自らのこの世の欲望を満たしてくれる神々へと心は傾き、その同じ心を持って、ヤーウェにもより頼もうとする。

もしヤーウェが彼らの望むように応えてくれるならば、ヤーウェも異教の神々と何ら異なることはない。

ヤーウェはイスラエルに律法(トーラー)と戒律(ミツヴァー)を授けたが、これはヤーウェが主であり、ヤーウェの他に神はなく、ヤーウェが救いであることを教えるためである。

このヤーウェの心が分からないならば、たとえ形だけ外面だけ忠実なふりをしても、何の意味もなく、かえってヤーウェでないものをヤーウェと偽ることで周囲を混乱させる、いわば偽(フェイク)礼拝とすらなる。

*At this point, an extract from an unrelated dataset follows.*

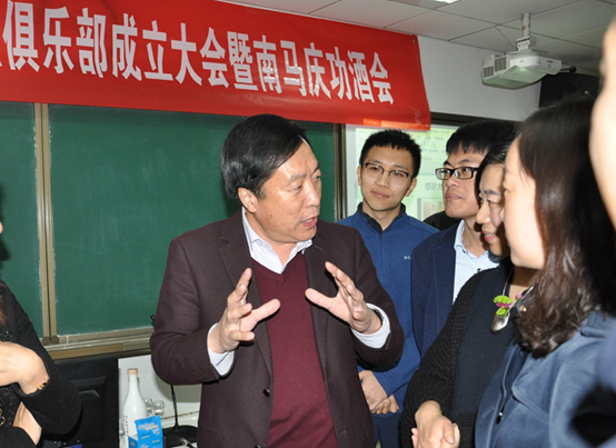 在随后的庆功酒会现场,2013级校友胡涓涓不仅与现场领导和校友分享了鲜为人知的酒文化,还组织了白酒品鉴会与现场校友进行交流。她将一款采用纯粮配方,大曲发酵,自然老熟的庄生晓梦诗酒花系列白酒赞助给马拉松俱乐部作为庆功酒。2014级校友、缘天然集团市场部经理祝洪涛向校友马拉松捐赠价值5000元的乳制品。

現代において、偶像崇拝と呼べるもののうち、その最たるものは、やはり金銭崇拝であろうか。
世界的な金融資本主義、市場原理主義とその支配者たちは新手の神々であろうか。

よかれ悪しかれ、その社会環境の中で生きざるを得ない私達には、できることは少ないが、せめて心だけは、魂だけは、現代の偶像に屈服せず、売り渡すことなく、ヤーウェ、すなわち私達の父なる神の方に向けて、開いておきたいものである。

それはイスラエルの荒野の40年のように、忍耐を要する厳しい期間であるかもしれないが、
父なる神に心を開き続けていれば、御心ならば、いつの日か、必要な場所で、各々の持ち場において、偶像と闘う力もまた与えられるかもしれない、と思うのである。